Top of SUPPLIED DATA
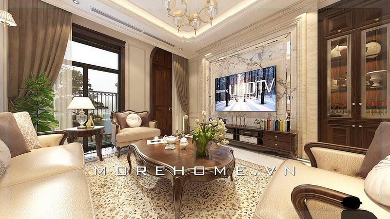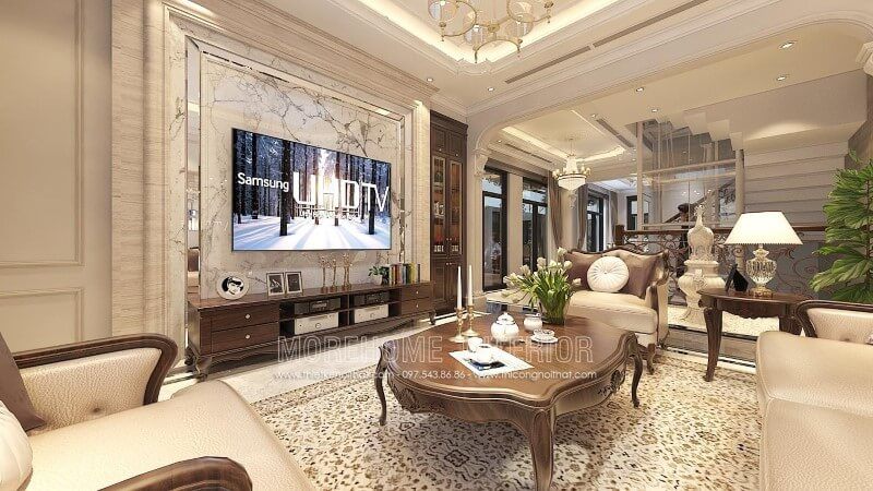 Thiết kế phòng khách theo phong cách tân cổ điển với nội thất gỗ óc chó tự nhiên bọc bởi nỉ Bỉ cao cấp.
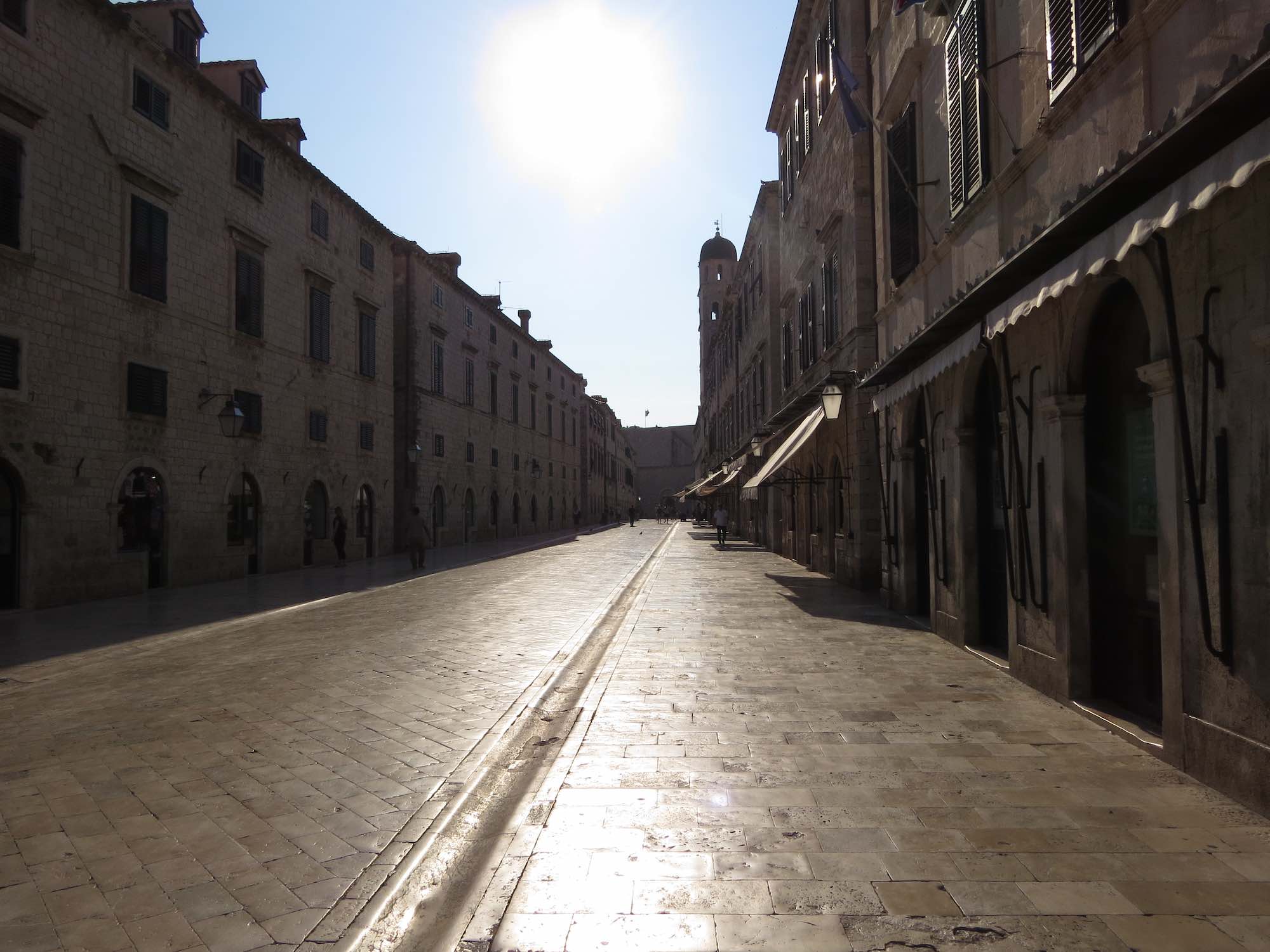 Man gelangt von dort auf die Placa-Stradun, quasi die Hauptstraße, die einmal quer durch die Stadt bis zur Mauer beim Hafen reicht.
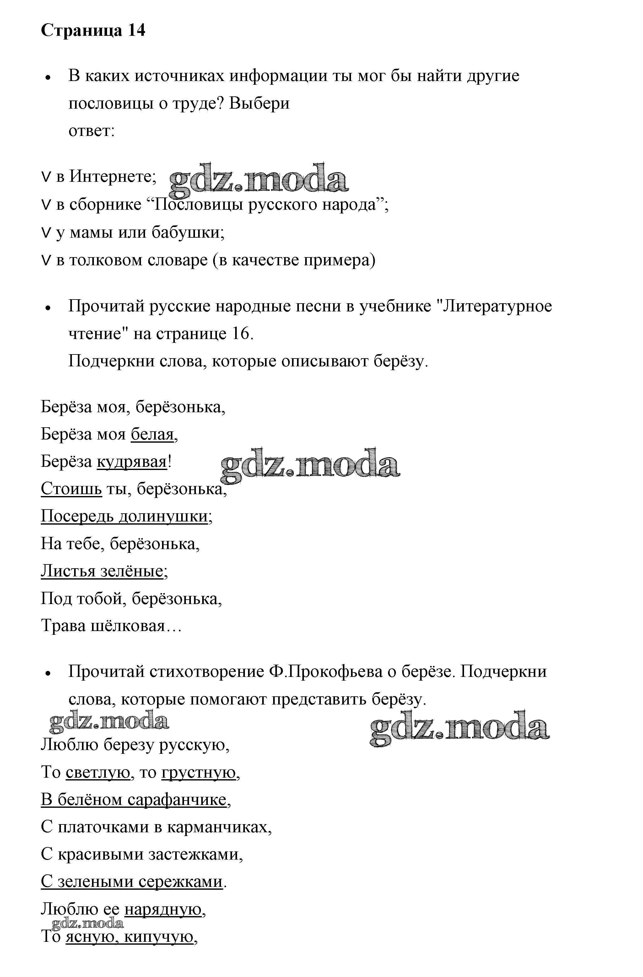 ГДЗ решение к заданию № 14 Литературное чтение 2 класс рабочая тетрадь Бойкина Просвещение 2018 ФГОС бесплатно на гдз.мода!
Bottom of SUPPLIED DATA
TASK DIRECTIONS -
In your answer, give every line of the listing above exactly, and do not include the images.

WRITTEN RESPONSE -
 Thiết kế phòng khách theo phong cách tân cổ điển với nội thất gỗ óc chó tự nhiên bọc bởi nỉ Bỉ cao cấp.
 Man gelangt von dort auf die Placa-Stradun, quasi die Hauptstraße, die einmal quer durch die Stadt bis zur Mauer beim Hafen reicht.
 ГДЗ решение к заданию № 14 Литературное чтение 2 класс рабочая тетрадь Бойкина Просвещение 2018 ФГОС бесплатно на гдз.мода!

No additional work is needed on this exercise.